TASK BRIEF:
Each entry should be repeated exactly. Its pictures should not be.

AVAILABLE DATA:
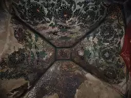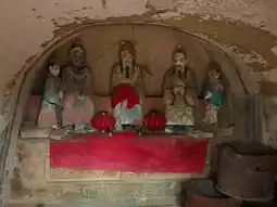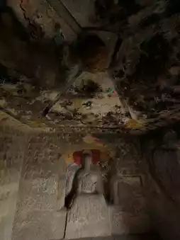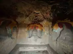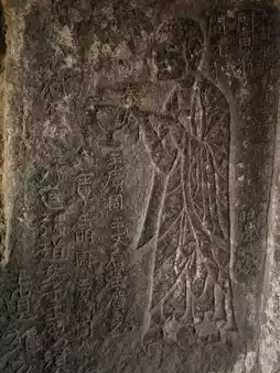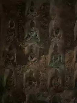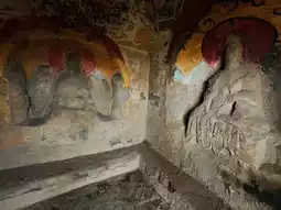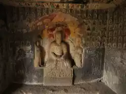The grottoes face south with their backs to the north. Currently, 6 caves remain, with caves 1, 2, and 3 from the west being Buddhist caves featuring Northern Dynasty grotto statue styles. They all have rectangular floor plans with inverted-bowl shaped ceilings decorated with painted lotus flower patterns. The cave entrances are rectangular with flame-shaped lintels, and two guardian figures carved on both sides of the doors. Inside Cave No. 3, low platforms are set on all four sides, with niches for Buddha statues carved into the north, east, and west walls. Each niche contains one Buddha with two attendants. The outer walls of the three niches are fully carved with thousands of Buddha images, and the names of donors are inscribed on both sides of the door on the south wall. About 60 meters to the east, there are 3 more stone caves. Two of them were carved in the 32nd year of the Wanli period of the Ming Dynasty (1604), with inscriptions reading "Three Teachings Cave," "Three Virtues Cave," and "High Cave." The clay sculptures inside these caves have been completely destroyed. Currently, 3 stone tablets recording the creation of these three caves still remain.
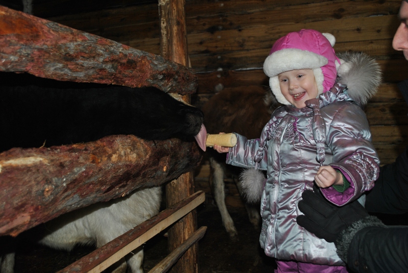 В итоге за нами ходило маленькое стадо выпрашивающее угощение во главе с наглой козой, которая вставала на меня ногами, какбэ намекая, что надо что-то дать ))) Теленок просто покорил, такой милый! На следующий год, когда дочь подрастет, обязательно приедем еще! Спасибо за елку и положительные эмоции!
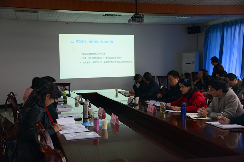 本站讯(信息来源:学生处)11月25日15:30,省教育厅体卫艺处卢旭率省教育厅防艾工作督导组一行4人来我院检查艾滋病防控相关工作。工作汇报会在行政楼六楼举行,我院党委副书记、纪委书记张爽,学生处(团委)及相关职能部门领导、院系党总支(支部)书记(副书记)参加本次防艾工作汇报会,会议由卢旭主持。
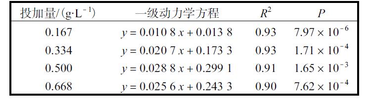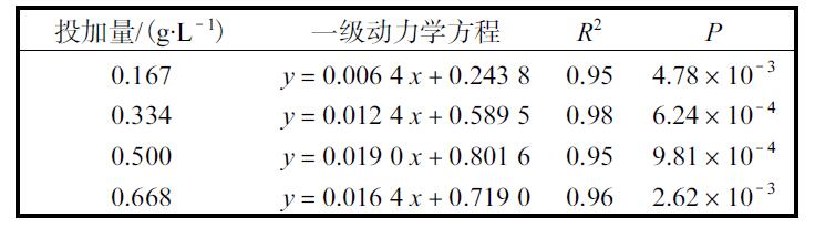 表1 不同催化劑投加量對模擬草酸廢水降解動力學(xué)的影響
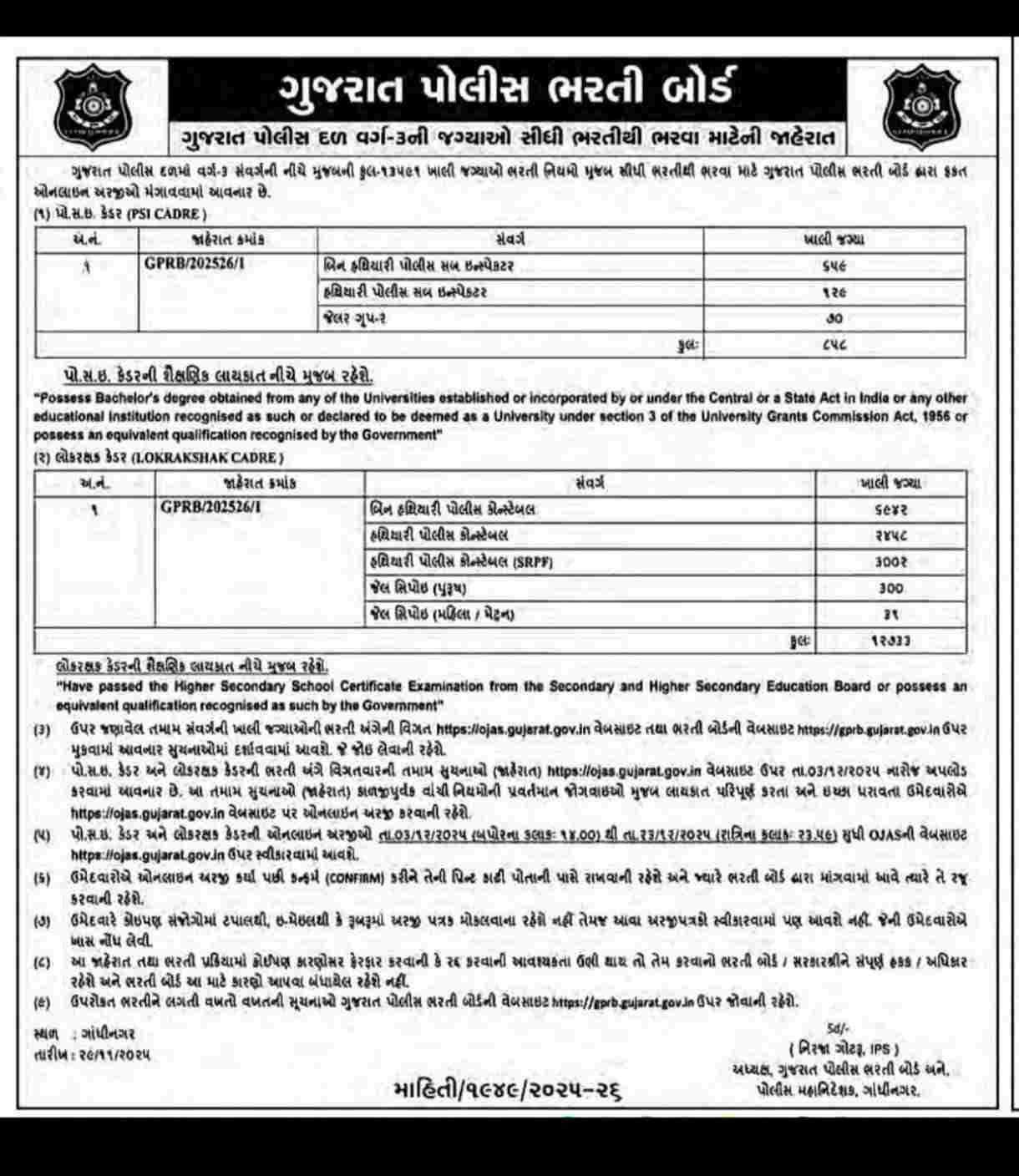 - જાહેરાત માં દર્શાવવામાં મુજબ Gujarat Police Bharti 2025 બે મુખ્ય કેટેગરી હેઠળ ભરતી કરવામાં આવશે:
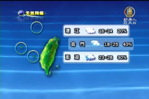 【新唐人亞太台2012年4月22日訊】以下帶您關心4月23號星期一,全台各地以及世界各主要城市的天氣預報。
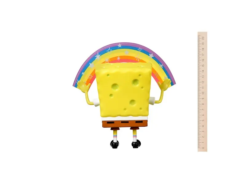 სათამაშო "სპანჯბობი" სათამაშოების კოლექციიდან SpongeBob შედევრი Memes Collection. მულტფილმის პერსონაჟი დამზადებულია სასიამოვნო შეხების პლასტმასისგან, იგი შეფუთულია საკმაოდ ელეგანტურ ყუთში, სადაც აღნიშნულია, რომ ეს არის სათამაშოების 1 სერია. სათამაშოში მხოლოდ ფეხები მოძრაობს, მას შეუძლია თავისით დადგეს. ცისარტყელა მიმაგრებულია მკლავებზე, ცალკე.

SOLUTION TO THIS PROBLEM:
The grottoes face south with their backs to the north. Currently, 6 caves remain, with caves 1, 2, and 3 from the west being Buddhist caves featuring Northern Dynasty grotto statue styles. They all have rectangular floor plans with inverted-bowl shaped ceilings decorated with painted lotus flower patterns. The cave entrances are rectangular with flame-shaped lintels, and two guardian figures carved on both sides of the doors. Inside Cave No. 3, low platforms are set on all four sides, with niches for Buddha statues carved into the north, east, and west walls. Each niche contains one Buddha with two attendants. The outer walls of the three niches are fully carved with thousands of Buddha images, and the names of donors are inscribed on both sides of the door on the south wall. About 60 meters to the east, there are 3 more stone caves. Two of them were carved in the 32nd year of the Wanli period of the Ming Dynasty (1604), with inscriptions reading "Three Teachings Cave," "Three Virtues Cave," and "High Cave." The clay sculptures inside these caves have been completely destroyed. Currently, 3 stone tablets recording the creation of these three caves still remain.
 В итоге за нами ходило маленькое стадо выпрашивающее угощение во главе с наглой козой, которая вставала на меня ногами, какбэ намекая, что надо что-то дать ))) Теленок просто покорил, такой милый! На следующий год, когда дочь подрастет, обязательно приедем еще! Спасибо за елку и положительные эмоции!
 本站讯(信息来源:学生处)11月25日15:30,省教育厅体卫艺处卢旭率省教育厅防艾工作督导组一行4人来我院检查艾滋病防控相关工作。工作汇报会在行政楼六楼举行,我院党委副书记、纪委书记张爽,学生处(团委)及相关职能部门领导、院系党总支(支部)书记(副书记)参加本次防艾工作汇报会,会议由卢旭主持。
 表1 不同催化劑投加量對模擬草酸廢水降解動力學(xué)的影響
 - જાહેરાત માં દર્શાવવામાં મુજબ Gujarat Police Bharti 2025 બે મુખ્ય કેટેગરી હેઠળ ભરતી કરવામાં આવશે:
 【新唐人亞太台2012年4月22日訊】以下帶您關心4月23號星期一,全台各地以及世界各主要城市的天氣預報。
 სათამაშო "სპანჯბობი" სათამაშოების კოლექციიდან SpongeBob შედევრი Memes Collection. მულტფილმის პერსონაჟი დამზადებულია სასიამოვნო შეხების პლასტმასისგან, იგი შეფუთულია საკმაოდ ელეგანტურ ყუთში, სადაც აღნიშნულია, რომ ეს არის სათამაშოების 1 სერია. სათამაშოში მხოლოდ ფეხები მოძრაობს, მას შეუძლია თავისით დადგეს. ცისარტყელა მიმაგრებულია მკლავებზე, ცალკე.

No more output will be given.